Summary

A survey of ~200 papers on Vision-and-Language Navigation (VLN) as a framework for human-robot collaboration. Identifies three critical gaps in current systems: bidirectional communication (robots can’t ask clarifying questions), ambiguity resolution (unclear instructions cause unrecoverable failures), and multi-agent coordination. Recommends proactive clarification, real-time feedback, and decentralized decision-making.

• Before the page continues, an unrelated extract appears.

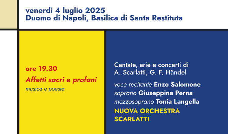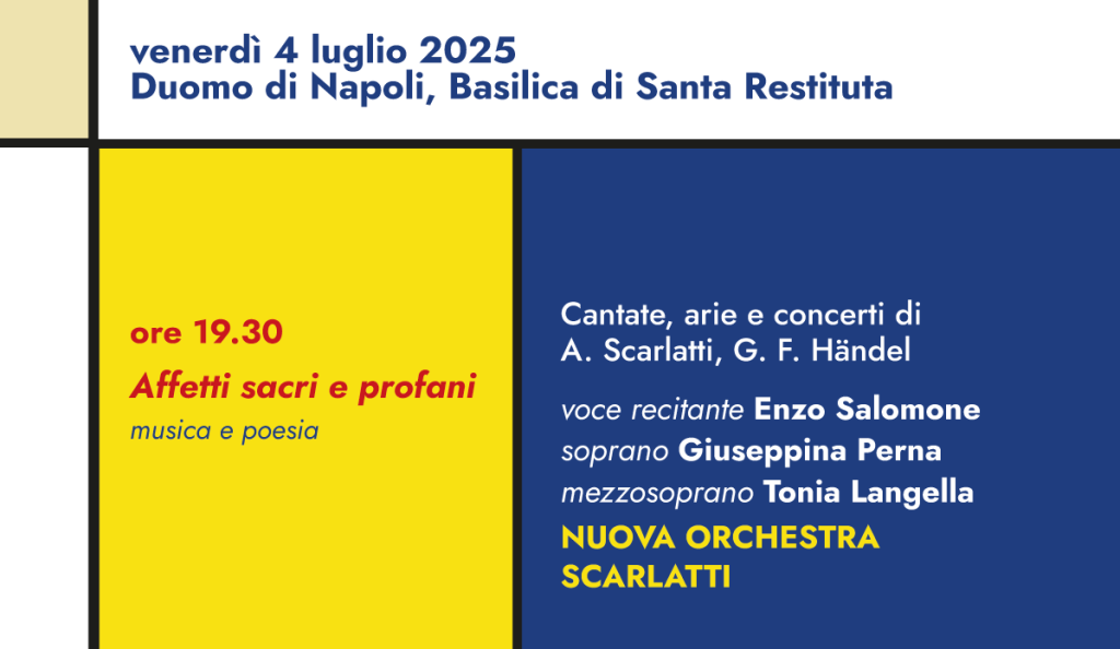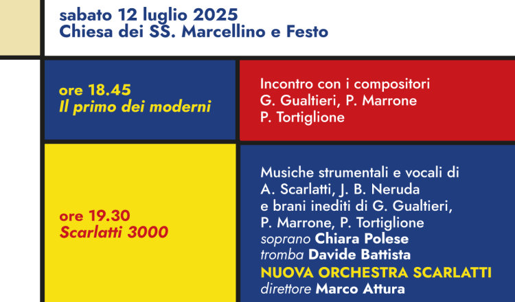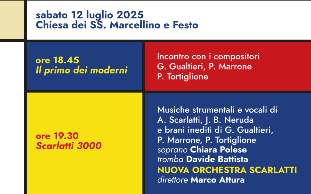 Leggi di piùALESSANDRO SCARLATTI IL PRIMO DEI MODERNI Un progetto della Nuova Orchestra Scarlatti per i 300 anni dalla morte di Alessandro Scarlatti sostenuto dal MIC IV appuntamento venerdì 25 luglio 2025 Napoli – Chiesa dei SS. Marcellino e Festo In a Scarlatti Mood Transizioni orchestrali dal Barocco al Jazz ore 18.45 Barocco Jazz […]

對約 200 篇視覺語言導航(VLN)論文的調查,以 VLN 作為人機協作框架。識別出現有系統的三個關鍵缺口:雙向溝通(機器人無法提問澄清)、歧義解決(不清楚的指令導致無法恢復的失敗)和多智能體協調。建議主動澄清、即時回饋和去中心化決策。

Key Points

  • VLN: agent interprets natural language instructions + visual input to navigate 3D environments
  • Current systems are unidirectional: humans instruct, robots execute — no clarification possible
  • Ambiguity in instructions is a critical failure mode with no current solution
  • Multi-robot systems lack decentralized coordination frameworks
  • Target domains: healthcare, logistics, disaster response (high-stakes bidirectional scenarios)
  • Recommendations: proactive clarification, real-time feedback, contextual NLU, dynamic role assignment

Insights

  • The bidirectionality gap is fundamental: HRI implies interaction, but most current systems are essentially command-execution pipelines dressed up as “interaction” — this is a deeper design problem than a technical one
  • Proactive clarification (robot asks for disambiguation) requires the robot to have a model of its own uncertainty — this connects to uncertainty quantification in neural networks, a still-unsolved problem in deep learning
  • The multi-agent gap is interesting in the context of VLAs: GR-Dexter focuses on a single bimanual robot, but real deployment scenarios often involve multiple robots + humans in shared workspaces
  • “Decentralized decision-making with dynamic role assignment” is the multi-agent robotics equivalent of microservices: each agent has local autonomy but coordinates via shared protocols

Connections

Raw Excerpt

Current models struggle with bidirectional communication, ambiguity resolution, and collaborative decision-making in multi-agent systems.